BEGIN EXERCISE DATA
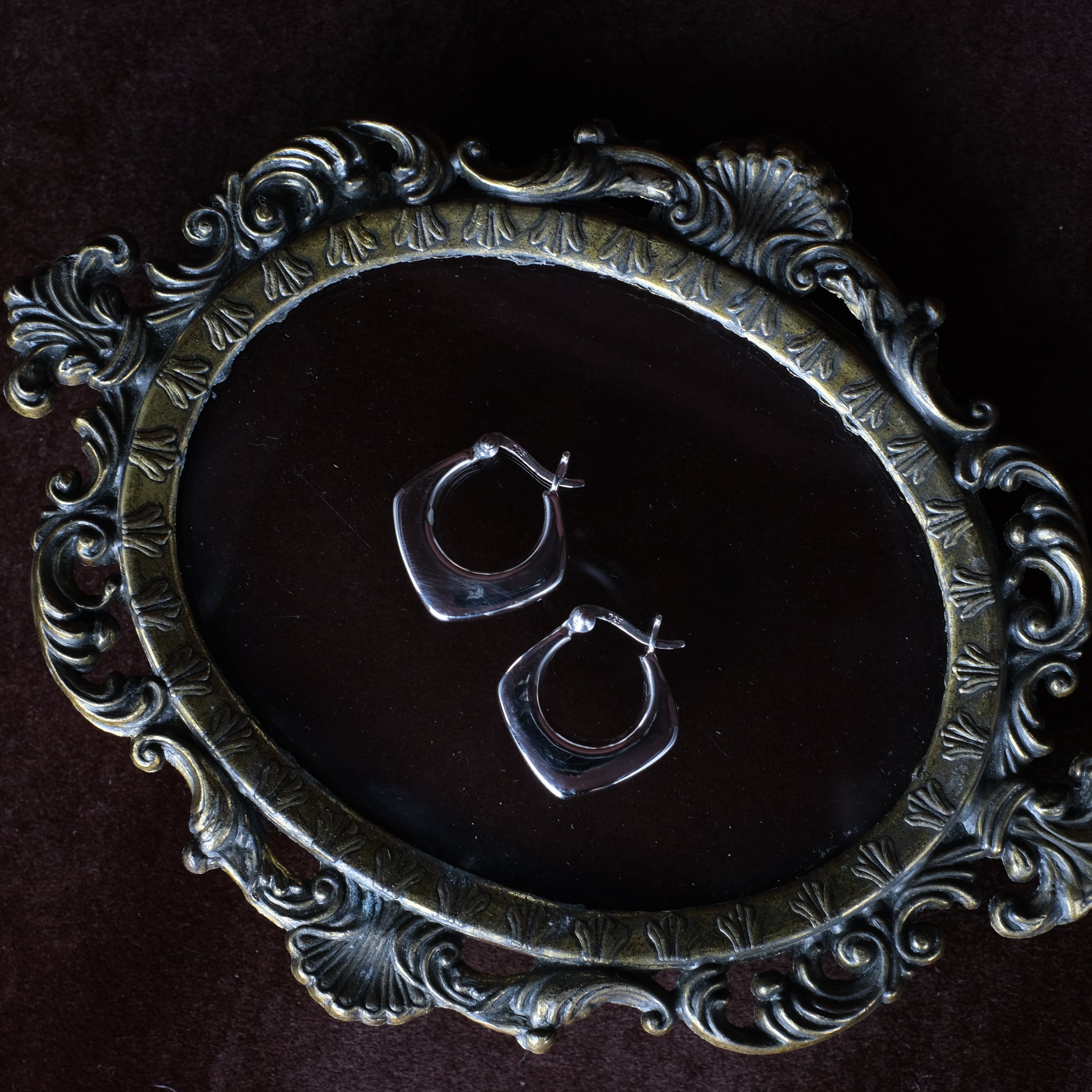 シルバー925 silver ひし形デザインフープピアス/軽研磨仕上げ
END EXERCISE DATA
BEGIN EXERCISE DATA
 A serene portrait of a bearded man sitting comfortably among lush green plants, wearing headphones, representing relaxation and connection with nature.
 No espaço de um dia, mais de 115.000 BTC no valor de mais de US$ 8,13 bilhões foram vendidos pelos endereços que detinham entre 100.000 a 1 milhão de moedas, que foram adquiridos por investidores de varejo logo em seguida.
END EXERCISE DATA
BEGIN EXERCISE DATA
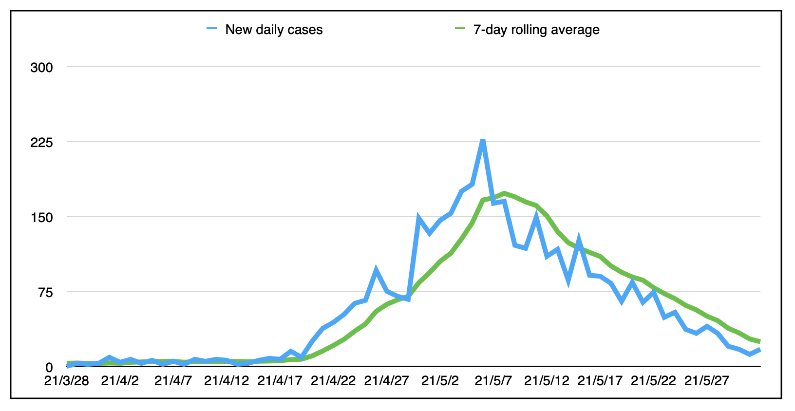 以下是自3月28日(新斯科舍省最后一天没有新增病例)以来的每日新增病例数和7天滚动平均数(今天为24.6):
END EXERCISE DATA
▸ YOUR TASK: The lines above starting at the one that contains "A serene portrait" and ending at the one that contains "No espaço de" must be transcribed exactly, and no other lines may appear.

▸ WRITTEN ANSWER:
 A serene portrait of a bearded man sitting comfortably among lush green plants, wearing headphones, representing relaxation and connection with nature.
 No espaço de um dia, mais de 115.000 BTC no valor de mais de US$ 8,13 bilhões foram vendidos pelos endereços que detinham entre 100.000 a 1 milhão de moedas, que foram adquiridos por investidores de varejo logo em seguida.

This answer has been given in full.